Technical Blog

Category : Wikipedia Miner

Introduction

Extracting keywords from texts and HTML pages is a common subject that opens doors to a lot of potential applications. These include classification (what is this page topic?), recommendation systems (identifying user likes to recommend the more accurate content), search engines (what is this page about?), document clustering (how can I pack different texts into a common group) and much more.

Most applications of these are usually based on only one language, usually english. However, it would be better to be able to process document in any language. For example, a case in a recommender system would be a user that speaks French and English. In his history, he gave positive ratings to a few pages containing the keyword “Airplane”. So, for next recommendations, we would boost this keyword. With a language-independent approach, we would also be able to boost pages containing “Avion”, the french term for airplane. If the user gave positive ratings to pages in English containing “Airplane”, and in French containing “Avion”, we would also be able to merge easily into the same keyword to build a language-independent user profile that will be used for accurate French and English recommendations.

This articles shows one way to achieve good results using an easy strategy.

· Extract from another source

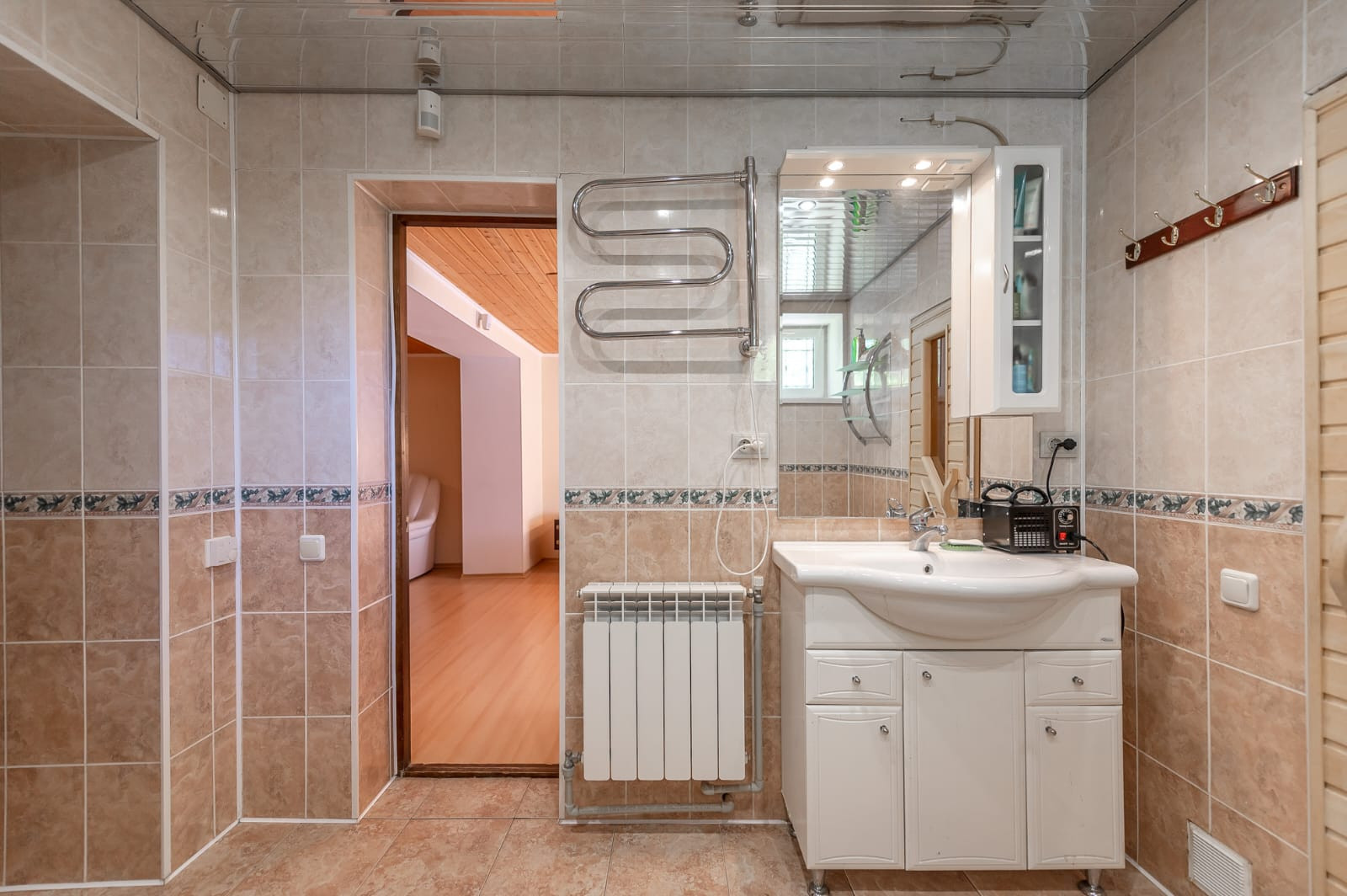 Два санузла, один из них – с джакузи и душевой кабиной, второй с душевой кабиной и выходом в сауну.

It is obvious that we can achieve better results using more complex algorithms.

How it works

This articles shows how we implemented this in the Wikipedia Miner. The Wikipedia Miner is an open source keyword extraction server that relies on Wikipedia: all returned keywords are titles from the online encyclopedia. The server gives very good results and you can find more about it in the Wikipedia Miner section of the blog.

Wikipedia Miner himself doesn’t know how to deal once for all languages: it requires to build one database per language. Once started, it can process requests with any of the built languages, ie, one instance can process queries in a lot of different languages (as long as you have enough memory).

The language-independence shown here is actually an “all into english” technique. The idea is that Wikipedia contains one very precious resource that you may not have noticed: interlanguage links. The box in the bottom left of the page is able to rely most pages between hundreds of different languages, which makes a great free translations database. We will modify the database building script to store for each non-English keyword the associated English page title, so that we return both. Using the english field, we lose the language-dependance.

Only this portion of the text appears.